**Given data**
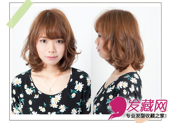 卷发波波头特别的烫发设计为发型增添可爱的气息,及眉的刘海缩短脸型长比例,适合长脸女生。
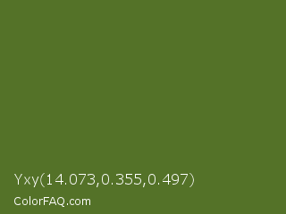 Yxy 14.073,0.355,0.497 Color is a dark green color and the nearest color is Dark Olive Green #556b2f. Hex code #547228 and RGB value is rgb(84,114,40). In RGB color space, this color is composed of 33% red, 45% green, 16% blue, In CMYK color space, this color is composed of 26% cyan, 0% magenta, 65% yellow , 55% black , In HSL color space, this color has a hue angle of 84° , 48% saturation and 30% lightness.
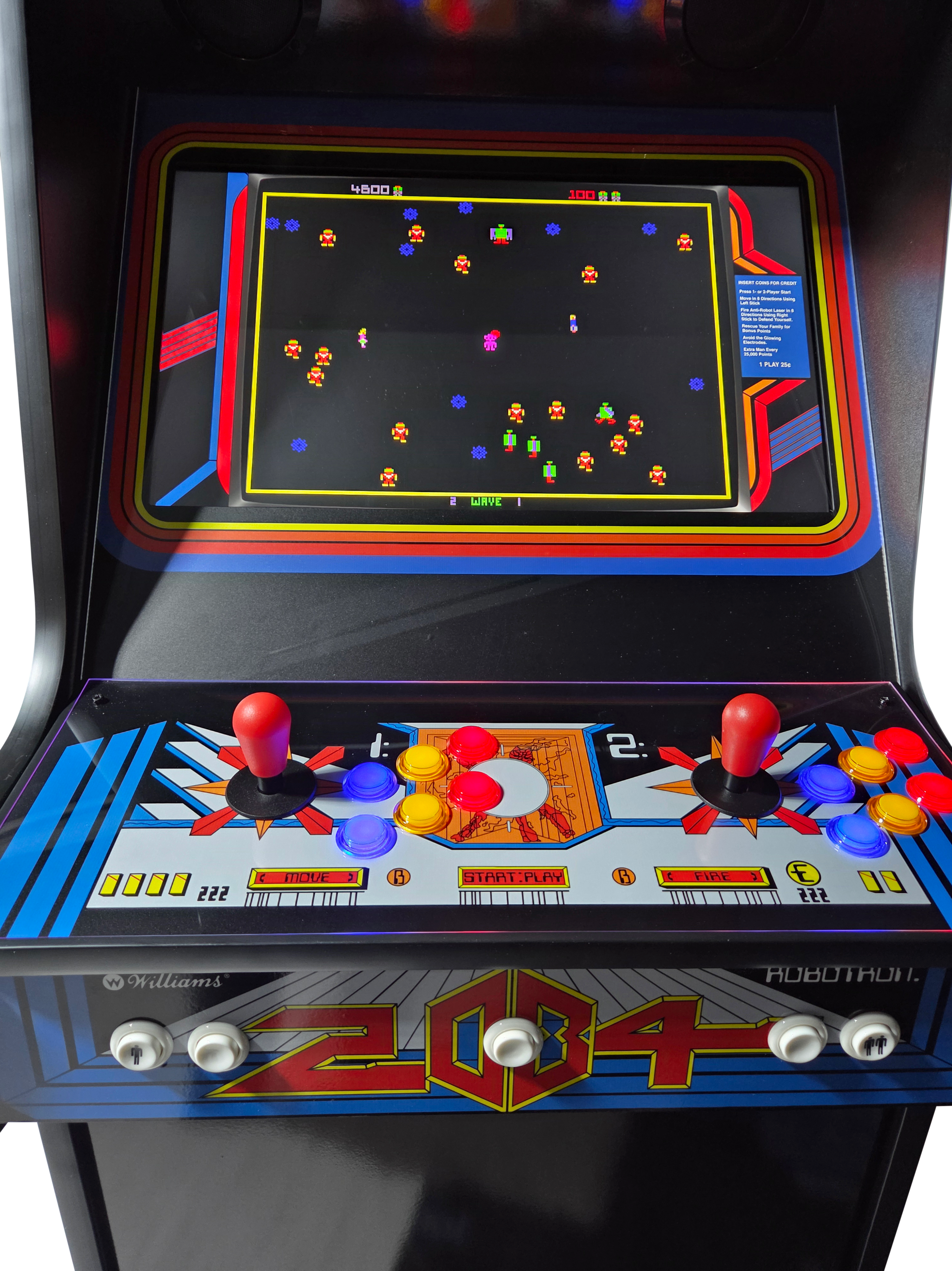 Robotron Arcade Machine for sale - custom build, loaded with 15,000 games in a premium quality Multi-game Arcade build. Full size Robotron arcade machine for 2 players.

**Exercise aim**
Before you return the listing exactly, strip out its pictures.

**Task answer**
 卷发波波头特别的烫发设计为发型增添可爱的气息,及眉的刘海缩短脸型长比例,适合长脸女生。
 Yxy 14.073,0.355,0.497 Color is a dark green color and the nearest color is Dark Olive Green #556b2f. Hex code #547228 and RGB value is rgb(84,114,40). In RGB color space, this color is composed of 33% red, 45% green, 16% blue, In CMYK color space, this color is composed of 26% cyan, 0% magenta, 65% yellow , 55% black , In HSL color space, this color has a hue angle of 84° , 48% saturation and 30% lightness.
 Robotron Arcade Machine for sale - custom build, loaded with 15,000 games in a premium quality Multi-game Arcade build. Full size Robotron arcade machine for 2 players.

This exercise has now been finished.